Хамис Хадисовна встала, еще раз вежливо поблагодарила Сарат Магомедовну за кофточку и, подавляя в себе чувство досады, отправилась домой.

В ОБЛАКАХ

Когда Сабур вошел в комнату, отец просматривал газету и дымил, словно паровоз. Отец был явно в хорошем настроении, глаза его хитро поблескивали.

— Ну что? С тобой тоже молчит? — отец кивнул в сторону кухни, где гремела посудой жена.

Сабур пожал плечами. Он не хотел держать чью-нибудь сторону.

— Ничего страшного. Скоро пройдет. — Отцу было все-таки неловко, что он радуется в то время, когда мать чем-то так расстроена.

— А что случилось? — шепотом просил Сабур.

Отец хмыкнул и выглянул в коридор.

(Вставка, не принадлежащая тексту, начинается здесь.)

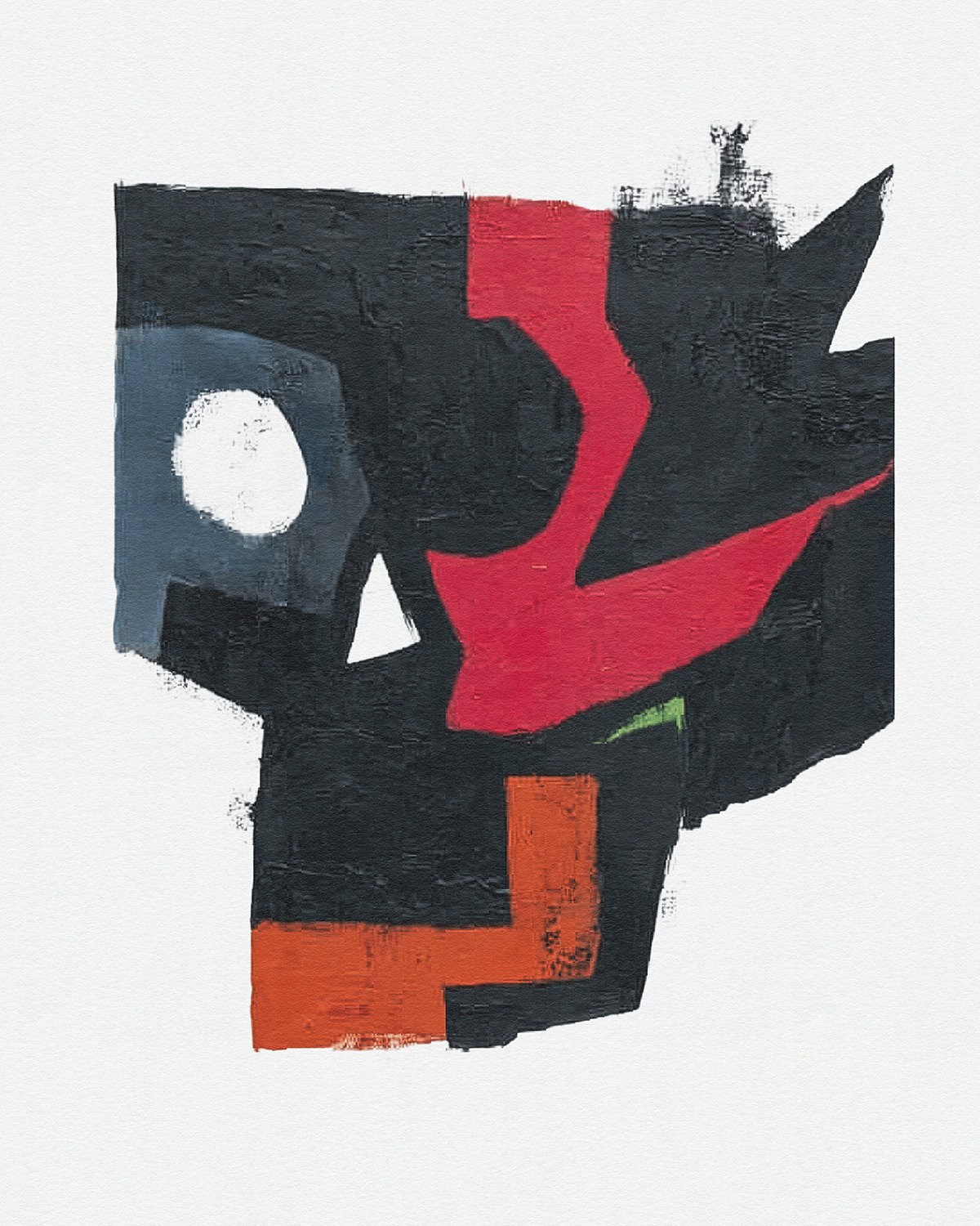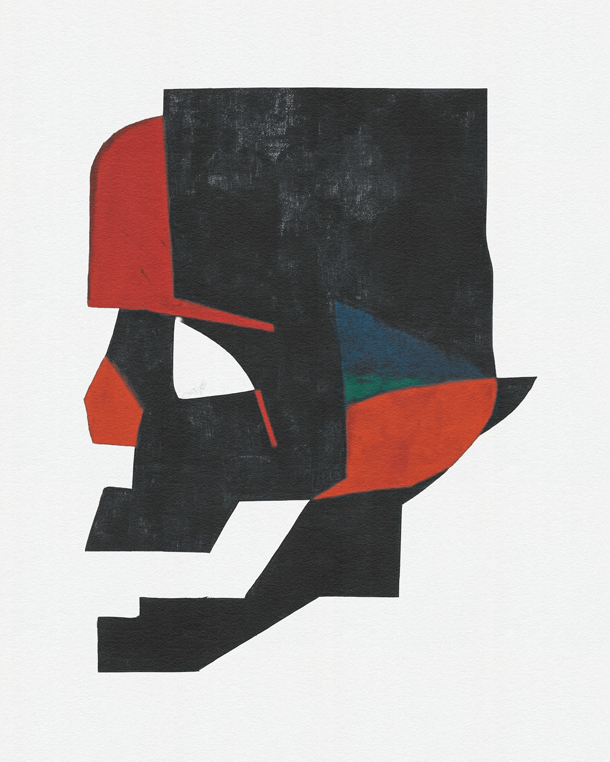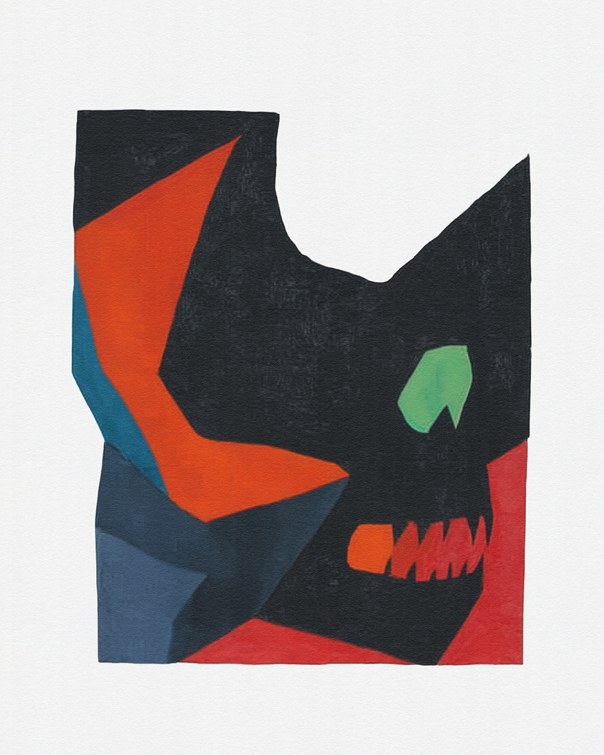 Skull & Structure explores mortality through bold geometric abstraction and layered texture. Fragmented forms and high-contrast color fields construct a contemporary dialogue between anatomy, architecture, and symbolic presence.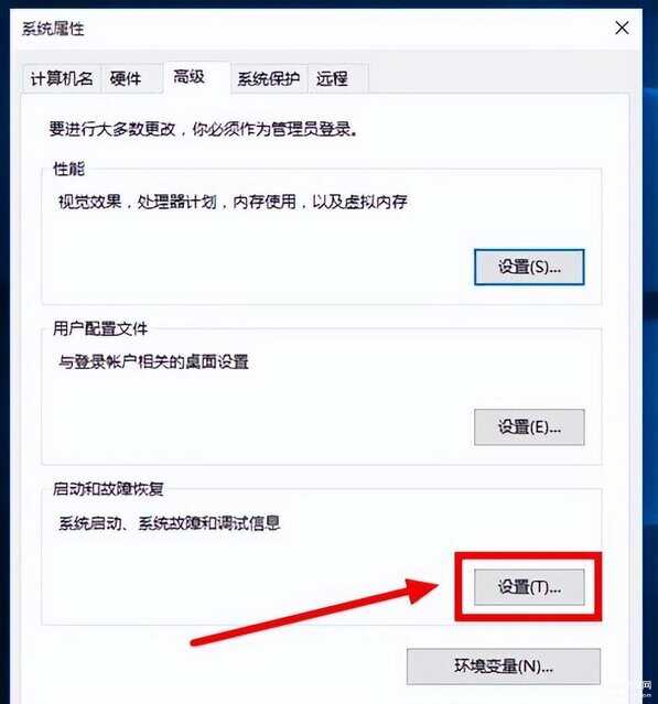 4、选择启动和故障恢复分类下的“设置”左击。如图所示:

Нет, Насиба явно еще не успокоилась: из кухни слышался шум воды. Как всегда в плохом настроении, мать остервенело перемывала посуду. Значит, появится не скоро.

— Помнишь, я говорил про деньги, которые профессор заплатил мне за веранду?

Сабур кивнул.

— Мать пыталась сегодня вернуть их жене профессора, а та не взяла, понятно. Теперь вот мать дуется на меня.

— Иногда я не могу ее понять, — горячо начал Сабур, но в комнату вошла Насиба, и он замолчал.

У отца рот сам растягивался в улыбку, но он делал вид, что увлечен чем-то в газете. Сейчас вступать ему в разговор было еще рискованно.

Мать сновала из кухни в столовую и обратно. На столе появились посуда, хлеб, котлеты, молодая и оттого сверкавшая ало-белая редиска. Заходя в комнату, она говорила сыну несколько слов, всем видом изображая, что все у них в семье нормально и спокойно.

После ужина Сабур поднялся и стал одеваться.

— Ты куда? — спросила мать.

— К Али идет, — предположил отец, обращаясь к Насибе.

— А у него что, язык отнялся?

— Я просто погуляю, мама. — Сабур закрыл за собой дверь.

Ему хотелось побродить одному, подумать и хоть немного разобраться в происходящем. Он прожил уже шестнадцать лет. Как незаметно они пролетели… Это, наверное, от того, что он не сделал ничего большого, значительного. Все одно и то же. Дни сливаются в какую-то сплошную серую ленту. Все-таки, пожалуй, было бы неверно считать, что он прожил это время без всякого смысла. Он многому научился — и в школе, и у отца, — ну, скажем, инкрустации и резьбе по дереву. У него есть свой взгляд на мир. И все же чувствует, что чего-то настоящего в его жизни не хватает. Чего же?